Bi ayıp hatıra daha sizlere. Memlekete gitmiştik. Bissürü çocuk oynuyoruz evde. Bi tane yapışkan bi kız var ona gıcık oluyoruz. Ama bi türlü düşmüyor yakamızdan. En sonunda ona bir ceza vermeye karar verdim. Hadi gelin hep beraber zeytin ekmek yiyelim dedim. tabi bizim sülük de "eveeet evett yiyelim hadi" diye sırıttı. Artık haketmişti bu cezayı. Zeytinlerin bir kısmını aldım. (Allahım affet beni) tuvalete gittim ve üzerlerine çişimi yaptım. Ve bu değişik soslu zeytinleri ona yedirdim. Gariban bişey anlamadan keyifle yedi.
Dahası da var. İlkokuldayım, tenefüste simit aldım. Arkamda da arkadaşım "Altın". O da aldı simitini, daha büyük bir para vermiş olmalı ki kantinci ona az önce benim verdiğim parayı para üstü olarak verdi. Garip bir kızgınlık kapladı içimi. Kıza bağırdım: "heyy, ver onu, benim param o, az önce ben verdim onu kantinciye". Kız saf saf baktı ve verdi parayı bana. İnanın bunu bilerek, parayı ondan çalmak için yapmadım, gerçekten o paranın benim olduğunu düşünmüştüm. Hakkım olduğuna inanmıştım.

Buarada bende sokakta bulduğum, yarım kalmış diş macunlarını yerdim. EEE.. mesleğim o zamandan belliymiş. Kendi bahçemizde de olmasına rağmen ayten teyzelerin çağlalrını çalmayı çok severdim. Onları gözetler evden ayrıldıklarını gördükten sonra sulu ekşi çağlaları torbaya doldururduk. Arkadaşımla balkona oturur hem kitap okur hem de onları yerdik. Seneler sonra, bi gün babanneme "biliyorum hep bizi gözlerdi ve sonrasında çağla ağacına çıktığını bilirdim, ne tatlı şeydi" demiş. Sağol ayten teyzeciğim.

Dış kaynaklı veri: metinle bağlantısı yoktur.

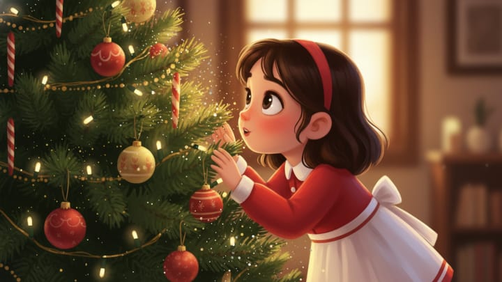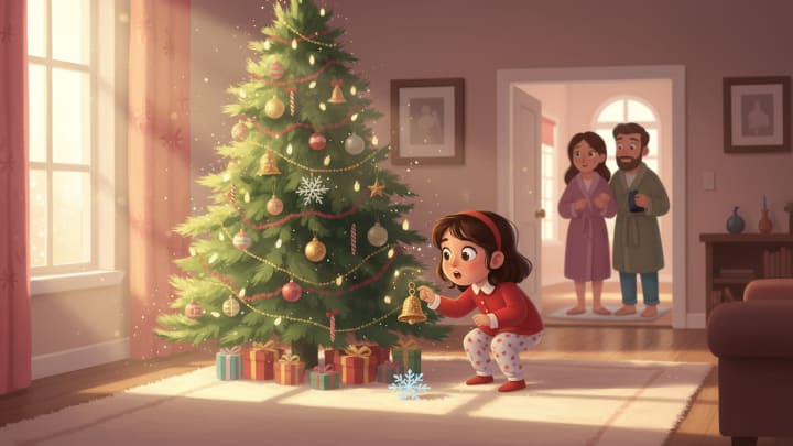 When evening fell and the tree lights came on, the whole house seemed to breathe magic. The reflections danced on the walls, creating mysterious and wonderful shadows. But what no one knew — not Dad, not Mom, not even little Léonie — was that this tree kept an extraordinary secret.
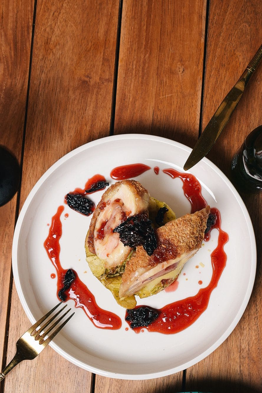 - Cordon blue: Una joya dorada que seduce desde el primer vistazo: el cordon bleu, crujiente por fuera y jugoso en su interior, libera lentamente su relleno fundido de queso y jamón, mientras se baña en una irresistible salsa de miel de naranja que equilibra lo dulce y lo cítrico con una elegancia envolvente. Encima, los fritos rojos aportan un toque crocante y atrevido que despierta cada bocado. A su lado, las papas criollas, perfectamente doradas y especiadas, se mezclan con la frescura herbal del pesto y la intensidad del parmesano rallado, creando una guarnición que no acompaña… sino que conquista.
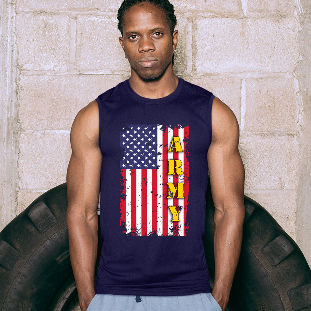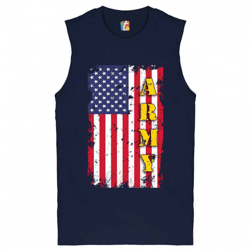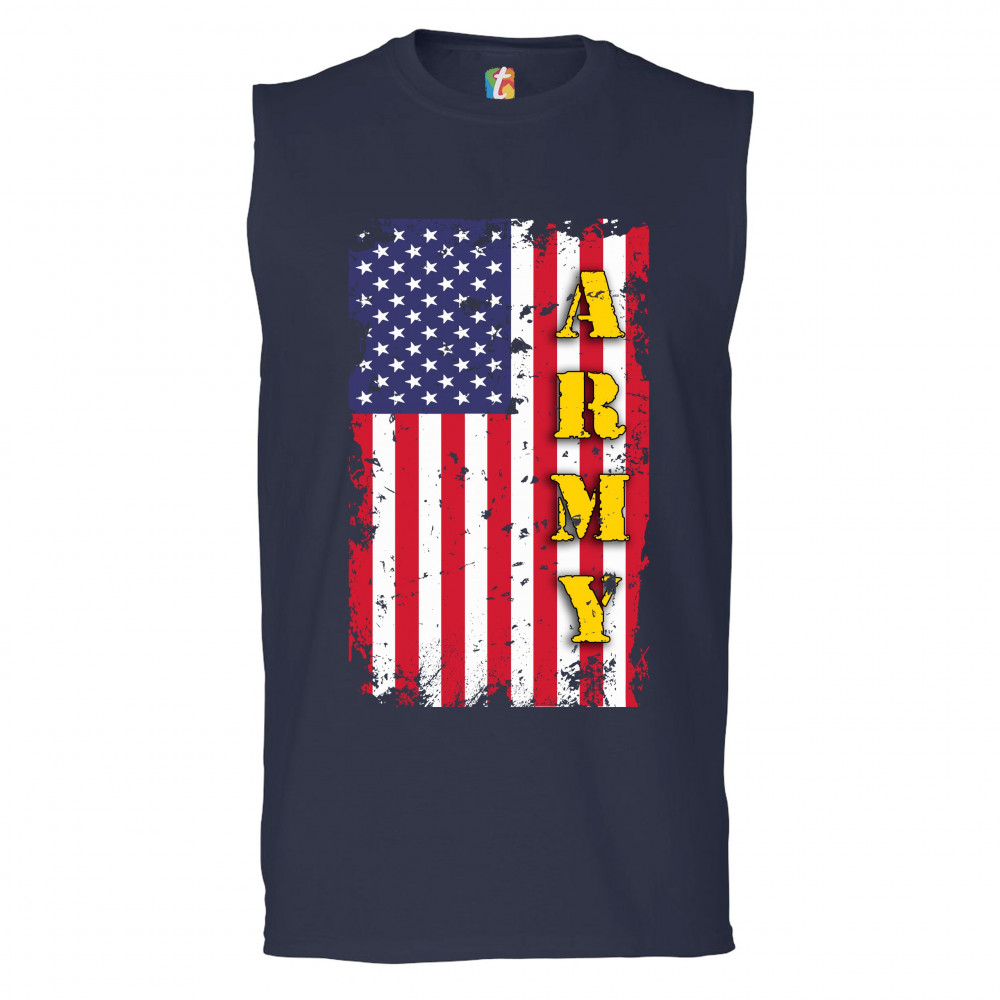 ARMY muscle shirt american flag united states armed forces patriotic men's navy blue
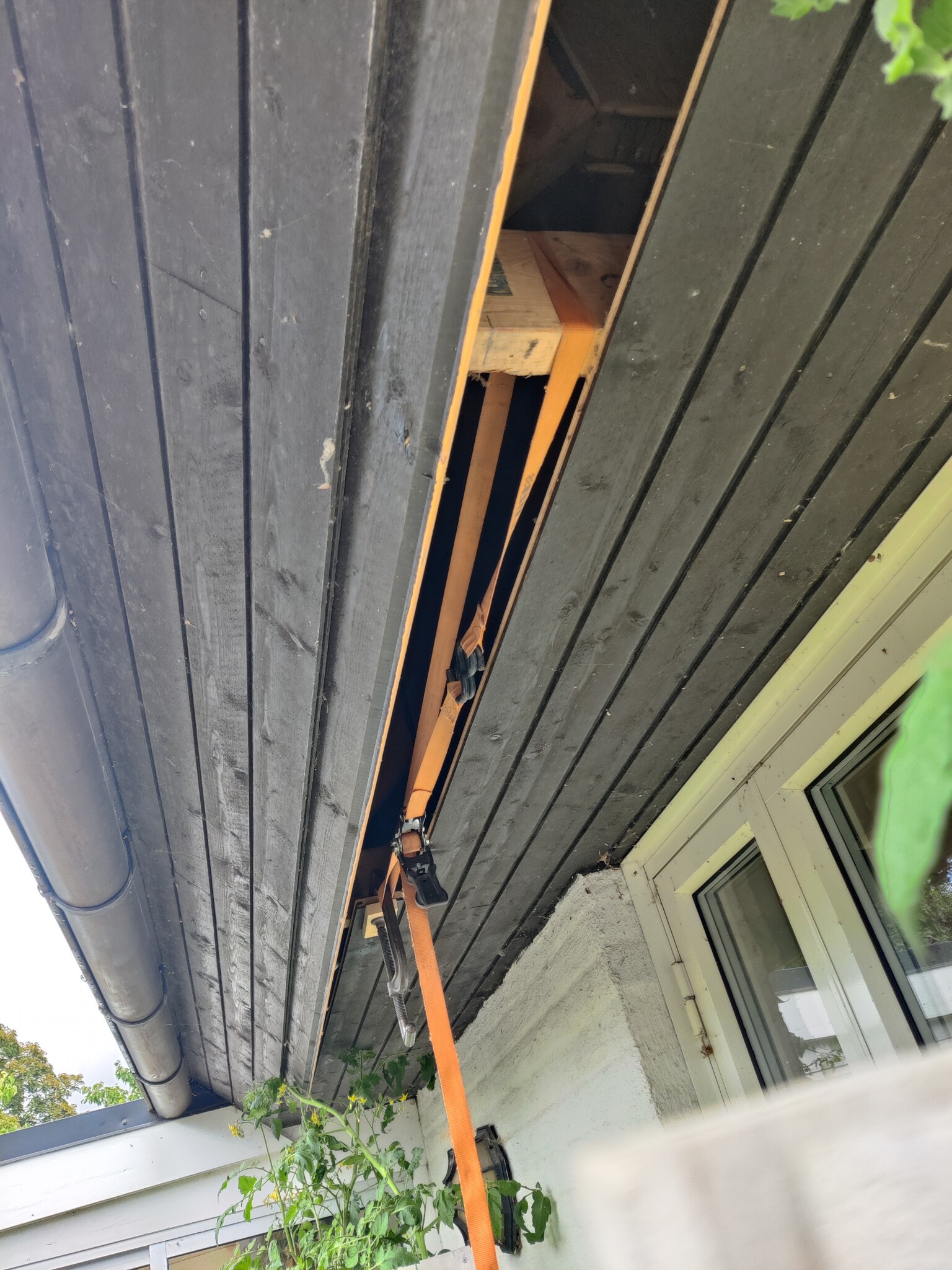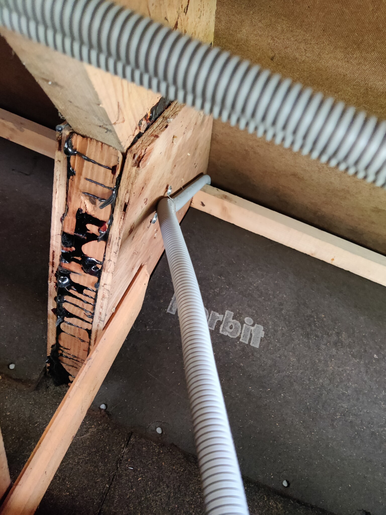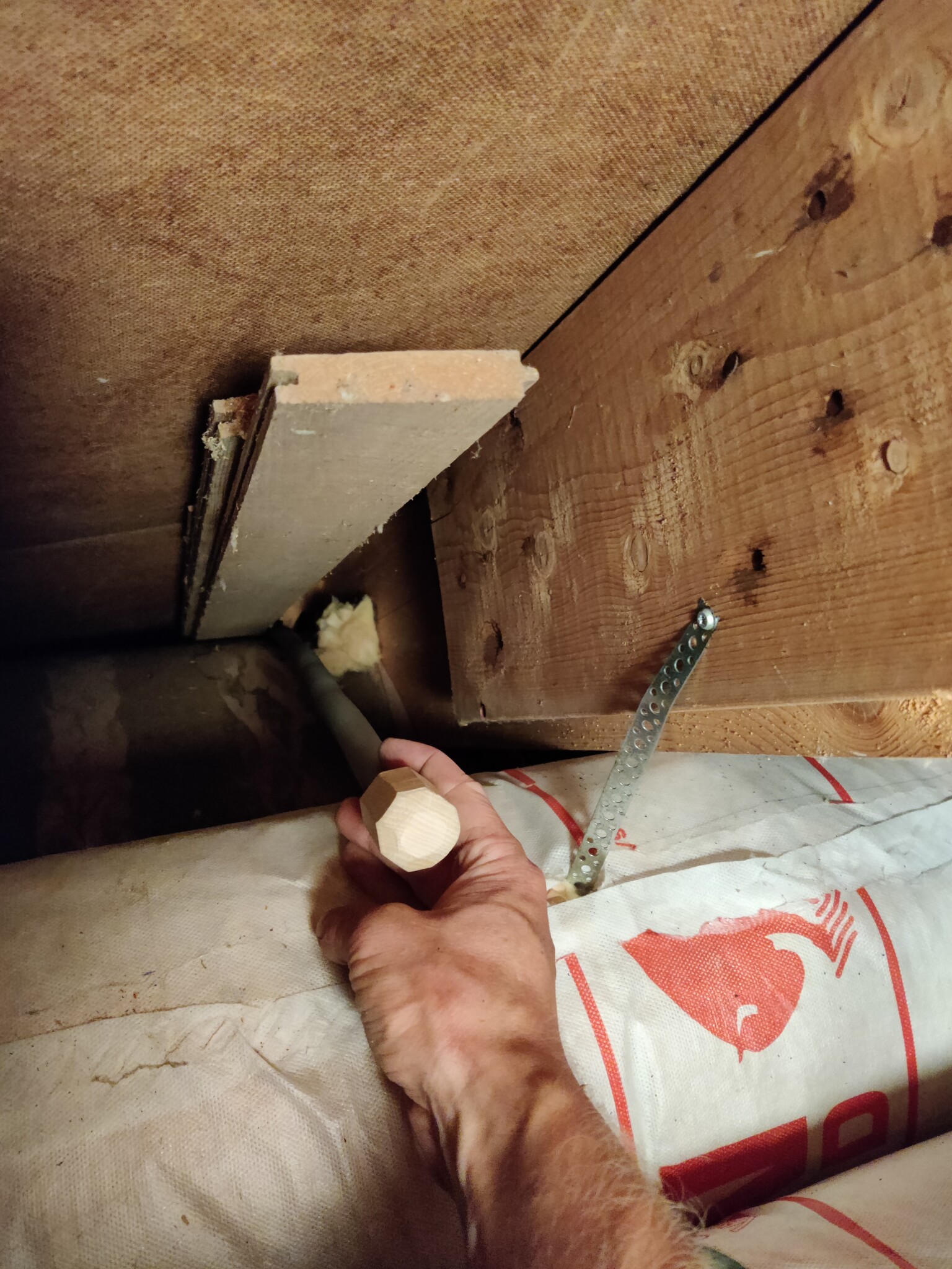 Planen var att dra en flexslang från takfoten upp till vinden längs med takstolen. Men, först behövde jag ta bort lite panel så att jag kom in i takfotslådan. Fram med ett av mina favorit verktyg, Bahco 38 så att spiken kunde plockas ur hyfsat snyggt. När väl en panel var nere kunde jag dra ur ytterligare en panelbräda som satt klämd under uterumsväggen. En c-tving och spännband kunde jag sakta dra loss den:
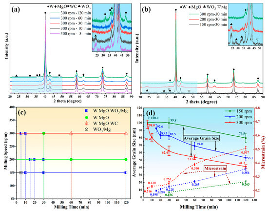 The XRD pattern of milled tungsten powder under different ball milling processes: (a) milled time; (b) milled speed; (c) phase evolution of milled powders; (d) average grain size (solid lines) and microstrain (dashed lines) of milled tungsten powder under different ball milling processes. The upper right corner of (a,b) show the enlarged light blue area.
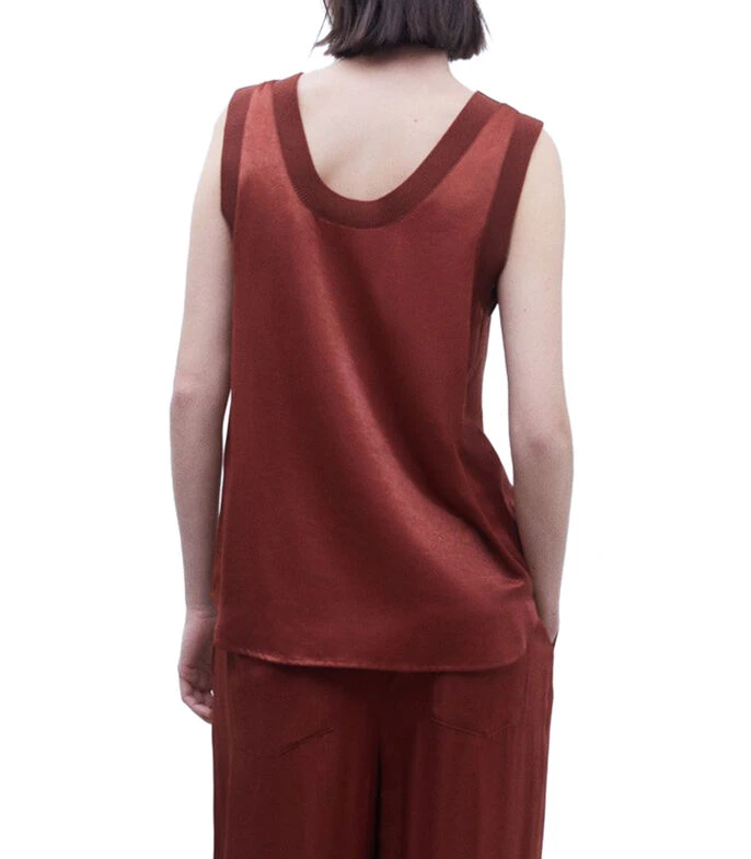 Playera Adolfo Dominguez de corte regular en tejido de punto con acabado tipo terciopelo, cuello redondo, sin mangas y terminaciones acanaladas.
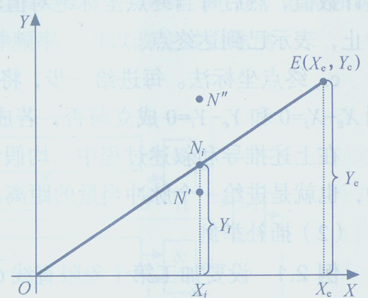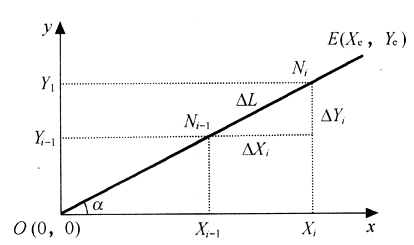 如图3.21所示,以第I象限直线/OE,起点O为坐标原点,终点E(Xe,Ye),动点坐标为Ni(Xi,Yi)。
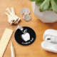 Pomme blanche avec icône feuille. Couleur arrière - plan personnalisée. Texte personnalisé des deux côtés.
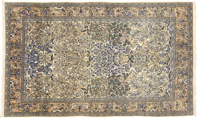 Este tapete vem do Irão (antiga Pérsia) e, como tapete persa, goza da reputação provavelmente mais elevada entre todos os tipos de tapetes de malha à mão. Nenhuma outra região se debruça sobre uma tradição tão longa de atadura de tapetes como o Irão. Por isso, os tapetes provavelmente mais finos e elaborados vêm aqui. A robustez, durabilidade e qualidade do nó persa são ainda hoje inigualáveis. Os tapetes persas têm geralmente o nome da sua região de origem. Assim, um Nain, um Ghom, bem como um tapete Isfahan vem da cidade do mesmo nome no Irão.
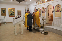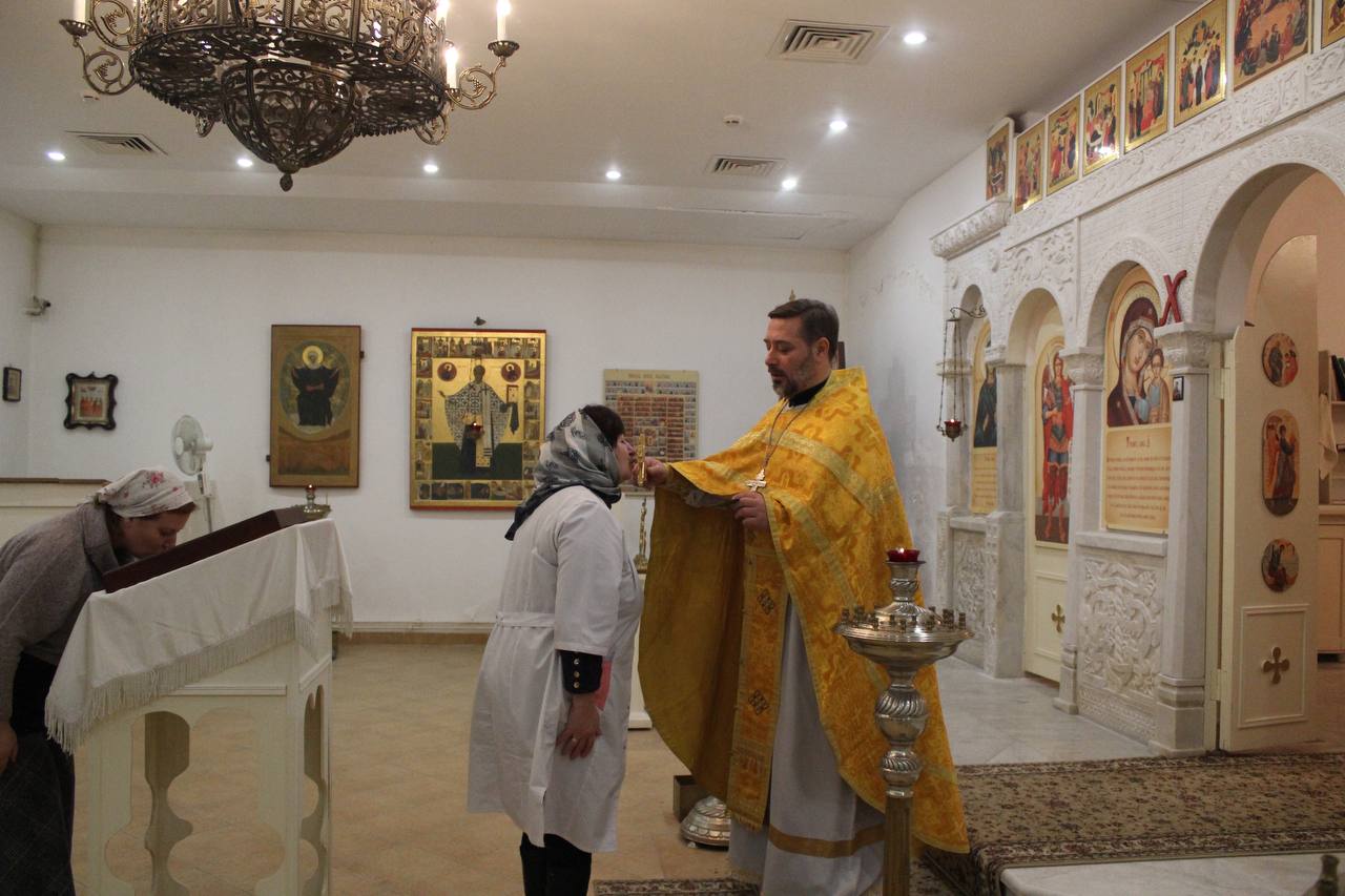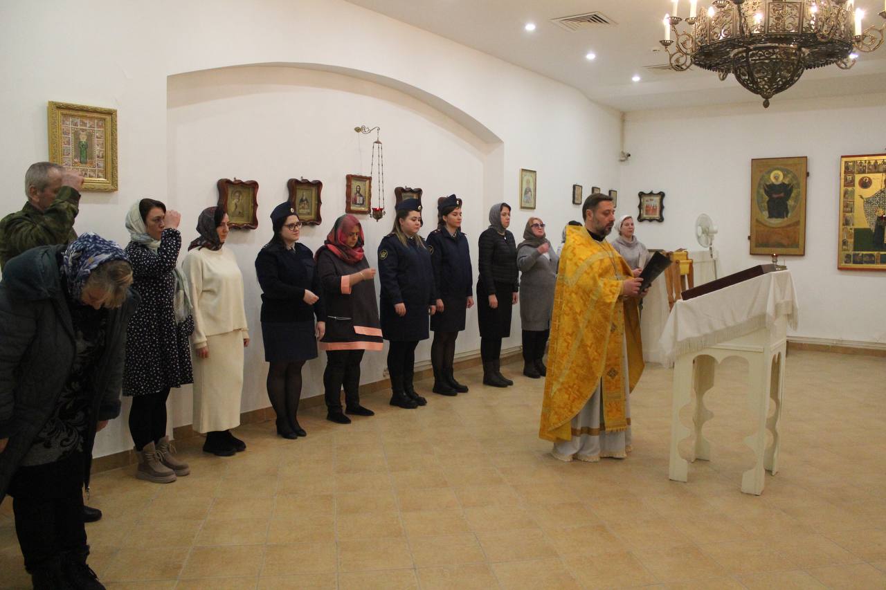 19 декабря 2024 года в Никольском храме при СИЗО-7 г. Егорьевска в день престольного праздника настоятель Знаменского храма д. Алёшино иерей Роман Теребилкин совершил Божественную литургию и славление святителю Николаю Мирликийскому, Чудотворцу. За Литургией молились сотрудники учреждения. По окончании богослужения отец Роман поздравил всех собравшихся с праздником и подарил иконки с изображением святого и молитвой.
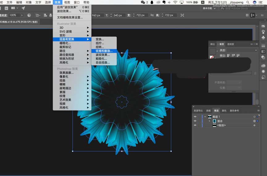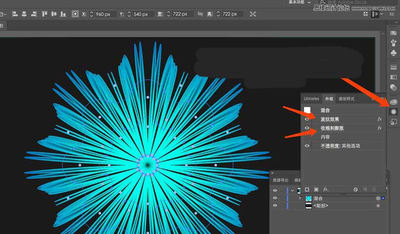把收缩和膨胀这个效果拖到效果波纹上面就好 得到如下效果 完美
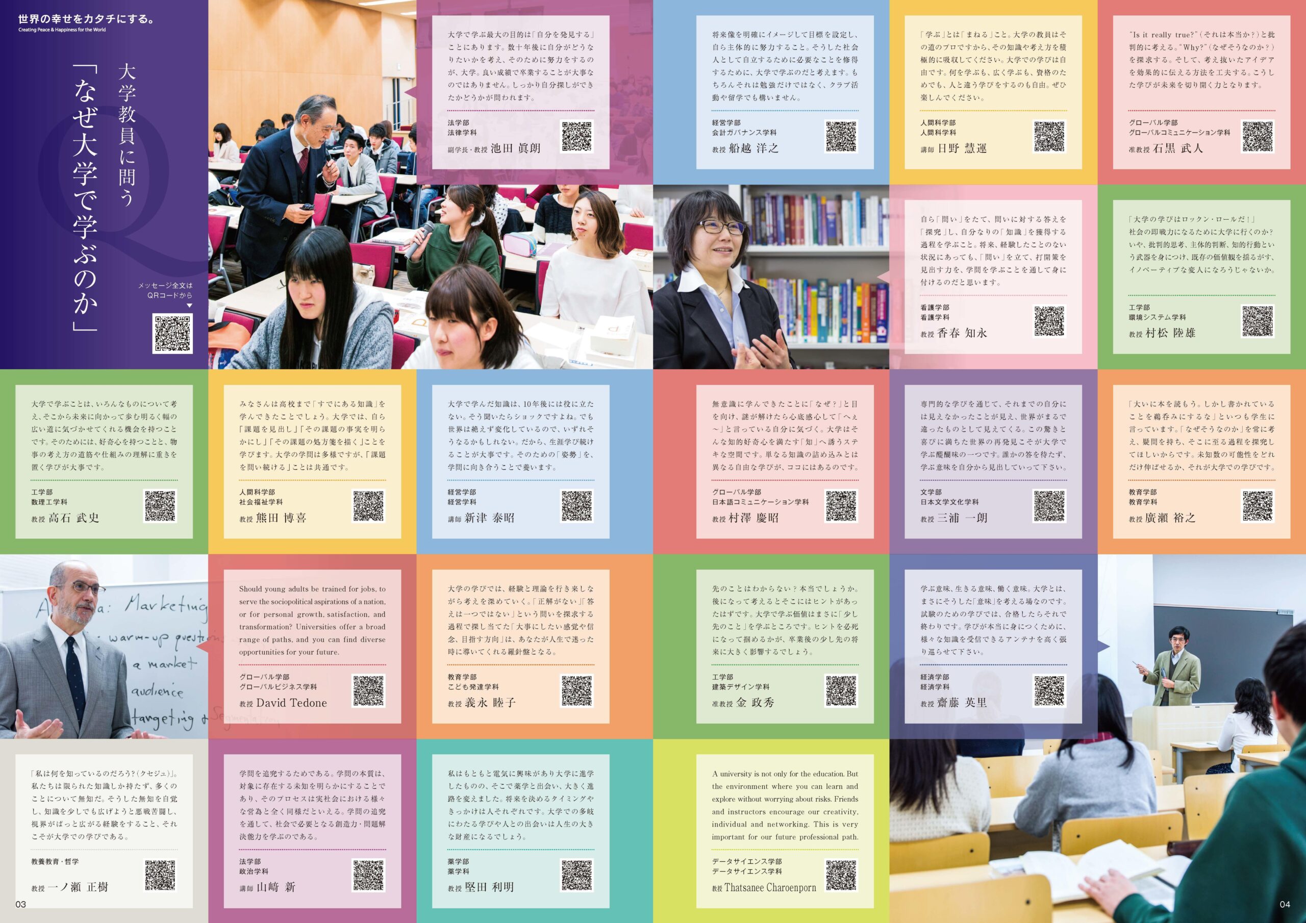 大学案内パンフレットには、教員メッセージのダイジェストを掲載。

Sizde yaparmıydınız bilmem. Babaannem ekmek almaya gönderirdi. Ohhh sıcacık ekmeği alırdım, önce tepesini bi koparırdım, giderek daha aşşağı, daha aşşağı derken eve geldiğimde ekmek yarılanmış olurdu. Haaa bide belli saatte randevulaşır, apartmandaki arkadaşlarla tuvaletten konuşurduk. Tuvaletler apartmanın aydınlığına baktığı için sesimiz çok güzel giderdi birbirimize.

Ne zaman evin anahtarını evde unutsam, karşı çamlık bakkala koşar tahta merdivenlerini alır, balkondan eve girerdim. Amma cesurmuşum. Buarada evimiz 1. kattı ama çok alçak değildi.

Kedilerim vardı. Ev kedimiz pamuk, dışardaki, sürtük (habire bacaklarımıza şapp diye yapışıp sürünürdü), siyah kedi ve diğerleri. Onları beslerdim. Doğum yaptıklarında kömürlükte onlara bakardım. ev sahibimiz çok kızardı ama o zaman da laftan anlamayan biriydim, tıpkı şimdiki gibi.

Bi de un, bulgur ve pirinci çiğ yemeye bayılırdım. Halamla babaannem mantı yaparken onlara yardım ediyor ayağı ile, bi yandan onları da lafa tutarak, çalardım mantılardan. Tam biriktirdiklerimi somyanın altında yiyecekken halam yakalamıştı beni. (boşa gitti canim etli hamurlar). Bi de babamın mide "dankları" vardı. Ne zaman iş becerecek olsam somya altına girerim ya, yine zulaya yatıp, dankları doldurmuştum ağzıma. Tabi bu seferde babama yakalanmıştım. epey bi azar yediydim.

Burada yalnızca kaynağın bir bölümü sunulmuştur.